Data excerpts:
Start of Block

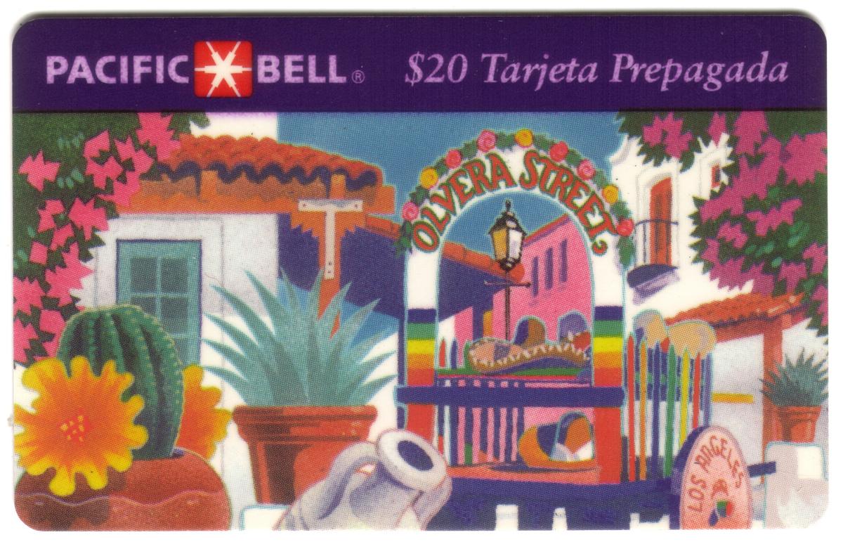 Vibrant Olvera Street scene on a $20 prepaid Pacific Bell phone card featuring colorful artwork, Spanish language, and cultural imagery. |
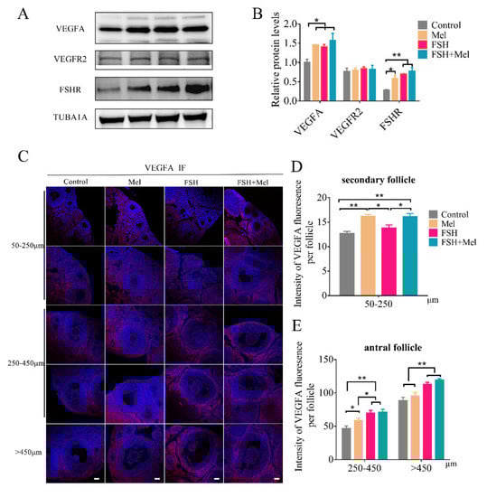 Vascular endothelial growth factor (VEGF), also called VEGFA, as one of the prime candidates regulating ovarian blood vessel formation, acts through one of its two receptors or both [,]. To evaluate the effect of Mel on angiogenesis whether through VEGF pathway, the expression of VEGFA and VEGF receptor 2 (VEGFR2) was tested by Western blotting (WB) and immunofluorescence (IF). Results showed that the expression of VEGFA in the ovary was significantly increased in the Mel group, FSH group, and FSH+Mel group compared with the control group (p < 0.05) (Figure 3A,B). There was no significant difference between the groups of VEGF receptor 2 (VEGFR2) (Figure 3A,B). Further evidence for a role of VEGF in the regulation of gonadotropin-dependent ovarian follicular angiogenesis and folliculogenesis []. Then we measured the protein level of FSH receptor (FSHR). As shown in Figure 3A,B, compared with the control group, the expression of ovarian FSHR in the Mel group was significantly increased (p < 0.05), extremely significant increase in FSH group and FSH+Mel group (p < 0.01) (Figure 3A,B). To further investigate the effect of Mel on which stage of VEGFA expression, we used IF technology to detected the developing follicles. Results indicated that the expression of VEGFA in the 50–250 μm follicles of the Mel group and FSH+Mel group was significantly increased compared with the control group (p < 0.01) (Figure 3C,D). In antral follicles, the expression of VEGFA in FSH group and FSH+Mel group increased very significantly compared with the control group (p < 0.01) (Figure 3C,E). Compared with the control group, the expression of VEGFA in 250–450 μm follicles in Mel group increased significantly (p < 0.05), but there was no significant difference of >450 μm follicle (Figure 3C,E). These results suggested that Mel mainly increased the expression of VEGFA in secondary follicles, in according with the angiogenesis and CD34 findings. Concomitantly, FSH primarily enhanced the expression of VEGFA in antral follicles.
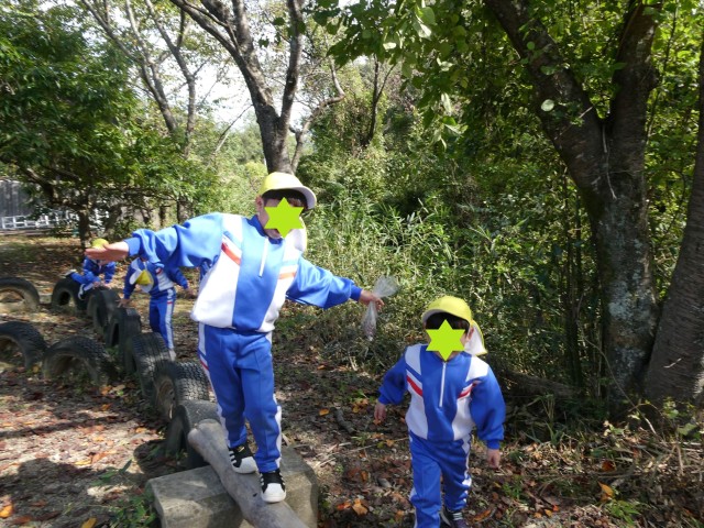 おいしいお弁当の後はみかん園内のアスレチックやドングリ拾いもしましたよ!
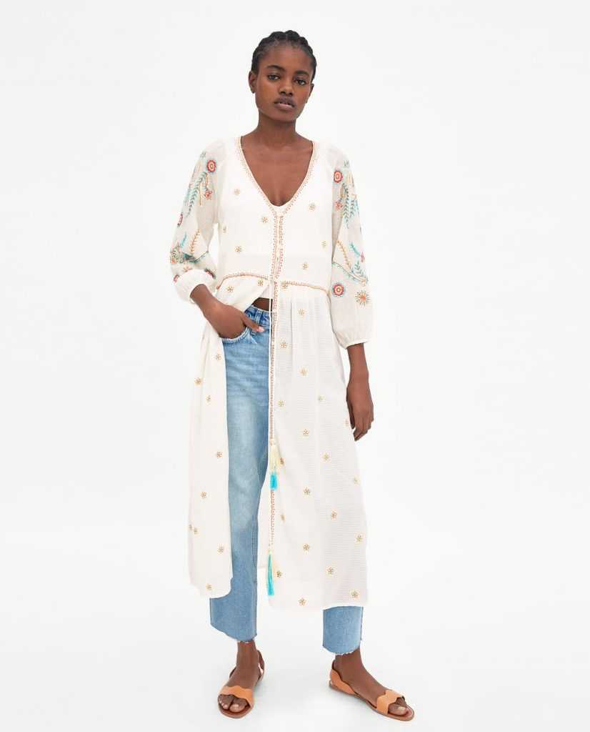 Сочетание платья-рубашки с джинсами — из необычных, в духе уличной моды — не каждой девушке придет в голову надеть под платье брюки. Но этот вариант все же имеет право на существование. Кристин Сентенера – редактор австралийского Vogue, даже рубашку макси длиной практически в пол комбинирует с джинсами и выглядит очень элегантно.
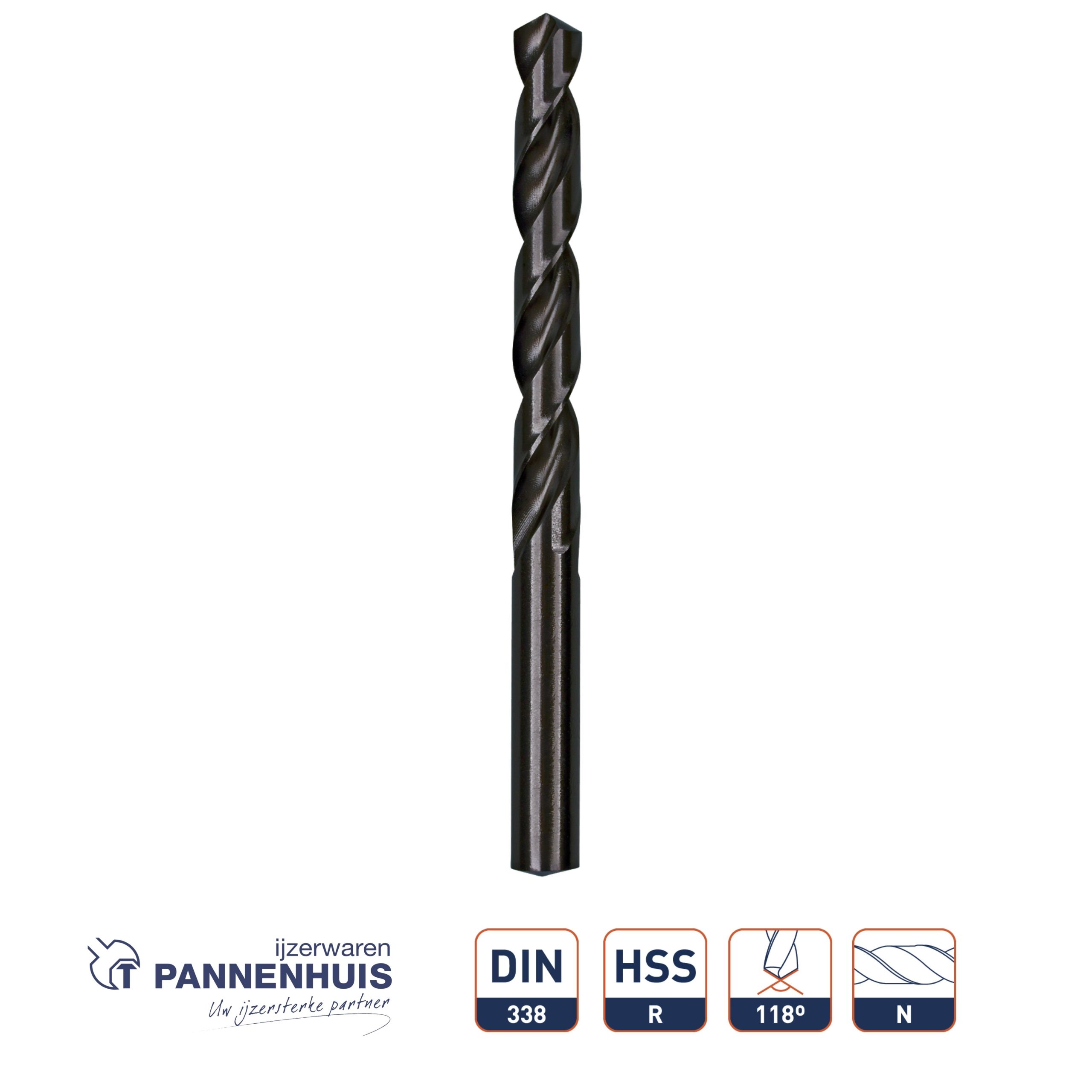 HSS-R Spiraalboor DIN 338, kort, type N, rolgewalste uitvoering, stoomontlaten, tophoek 118°.
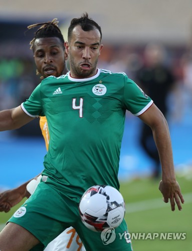 Djamel Benlamri of Algeria challenged by Wilfried Zaha (L) of Ivory Coast during the 2019 Africa Cup of Nations quarterfinal match between Ivory Coast and Algeria at Suez Stadium, Suez, Egypt on 11 July 2019. EPA/SAMUEL SHIVAMBU
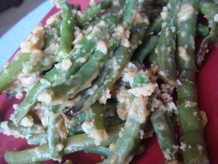 How about that I forgot to cut them into bite sized pieces. Where is my brain? Maybe the beans would have cooked all the way if they’d been in smaller pieces. I kept them in the oven half an hour longer than the recipe told me to and they were still slightly crunchy! Good thing I tested the recipe out before Thanksgiving, huh?
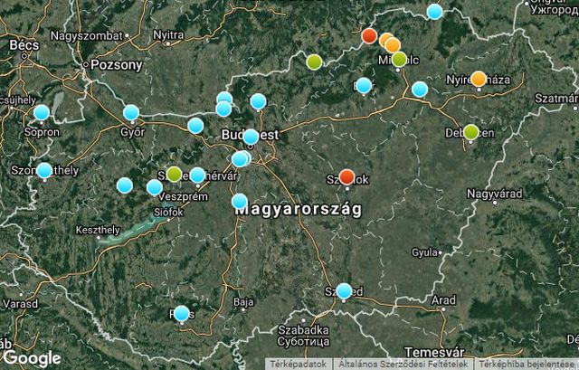 Az OKK térképén a kifogásolt levegőminőséget jelző zöld színnel jelölték Salgótarjánt, Miskolcot, Debrecent, valamint Székesfehérvárt. Másutt – köztük a fővárosban – jelenleg elfogadható a levegő minősége.
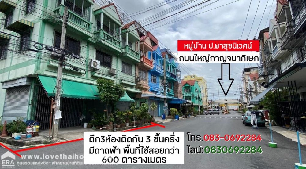 - ตึกแถว 3 ห้องติดกัน พื้นที่ใช้สอย 600 ตารางเมตร
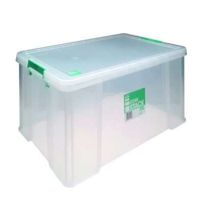 These heavy duty, stackable boxes provide a tough and durable storage solution for the office home or warehouse. The base and corners are reinforced for extra strength and durability, making them ideal for long term storage. The storage box can be stacked with or without the included lid for versatile use. The lid also includes location guides for non-slip, secure stacking. The box also contains handles, which clip the lid in place and make transportation easier. This extra large capacity 70 litre box can accommodate a wide variety of items for versatile storage.

End of Block

Starting with the line above that holds "おいしいお弁当の後はみかん園内のアスレチックやドングリ拾いもしましたよ!", restate each line word for word up to and including the line that holds "- ตึกแถว 3 ห้องติดกัน". Drop the pictures.

## Solution to the exercise
 おいしいお弁当の後はみかん園内のアスレチックやドングリ拾いもしましたよ!
 Сочетание платья-рубашки с джинсами — из необычных, в духе уличной моды — не каждой девушке придет в голову надеть под платье брюки. Но этот вариант все же имеет право на существование. Кристин Сентенера – редактор австралийского Vogue, даже рубашку макси длиной практически в пол комбинирует с джинсами и выглядит очень элегантно.
 HSS-R Spiraalboor DIN 338, kort, type N, rolgewalste uitvoering, stoomontlaten, tophoek 118°.
 Djamel Benlamri of Algeria challenged by Wilfried Zaha (L) of Ivory Coast during the 2019 Africa Cup of Nations quarterfinal match between Ivory Coast and Algeria at Suez Stadium, Suez, Egypt on 11 July 2019. EPA/SAMUEL SHIVAMBU
 How about that I forgot to cut them into bite sized pieces. Where is my brain? Maybe the beans would have cooked all the way if they’d been in smaller pieces. I kept them in the oven half an hour longer than the recipe told me to and they were still slightly crunchy! Good thing I tested the recipe out before Thanksgiving, huh?
 Az OKK térképén a kifogásolt levegőminőséget jelző zöld színnel jelölték Salgótarjánt, Miskolcot, Debrecent, valamint Székesfehérvárt. Másutt – köztük a fővárosban – jelenleg elfogadható a levegő minősége.
 - ตึกแถว 3 ห้องติดกัน พื้นที่ใช้สอย 600 ตารางเมตร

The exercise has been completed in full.